One day -- probably about February -- I'll look back on my currently snow-smitten self and laugh at the silly boy who was so giddy during the first weeks of his first real northern winter in 33 years. But for now, I can't seem to get enough of the white stuff.
Yesterday, I wrapped up snug (magic word: layers) and ventured cozy and dry into the crunchy, swishing white-out that was my world just then. Tiny doilies laced with cold diamonds floated onto my face. Every sound was dampened -- the train whistle, Romeo's lonely barking, the rustle of leaves that probably meant deer rushing down the hill. Looking down at my buried boots I saw only featureless white; looking up, white; everywhere white with no edges.
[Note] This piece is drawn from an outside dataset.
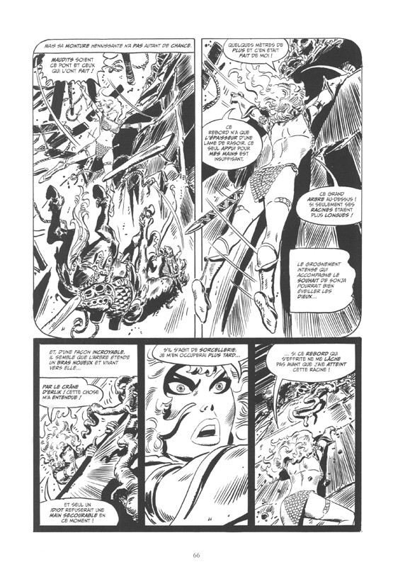 J'ai découvert et aimé Red Sonja depuis mon adolescence. Elle m'a touché à plusieurs niveaux... Frank Thorne était l'auteur des dessins et à ce moment-là, je n'avais pas besoin de savoir plus! J'ai cherché pendant de nombreuses années à acquérir toutes les histoires complètes (une quête presque incessante) et c'est maintenant chose faite avec cette édition: en plus, avec les images en noir et blanc qui mettent en valeur la qualité du dessin, je pense. Il y a de la violence, certes, mais aussi beaucoup de sensualité et parfois de la tendresse et de la solidarité envers les plus démunis. Bref, ce fut une rencontre et une redécouverte très heureuse.

Friends and family have sometimes said that I live with my head in the clouds. Today there was no denying it as low clouds enveloped the falling snow.
Other days the snow flakes are vivid flecks against clear blue sky, with the Alps a distant backdrop.
Is it true that Alaskan natives have many words for different kinds of snow? I don't doubt it. But I doubt they have a word for the beauty of snow on the rooftops of a medieval Swiss chateau.
Why does snow taste so different from water?
I hope I never lose my fascination with snow. Maybe I won't. After all, I lived in a rainforest for seven years, and still love the many kinds of rain that fall on the tree ferns.
But it's sure not raining now, so I'm going outside.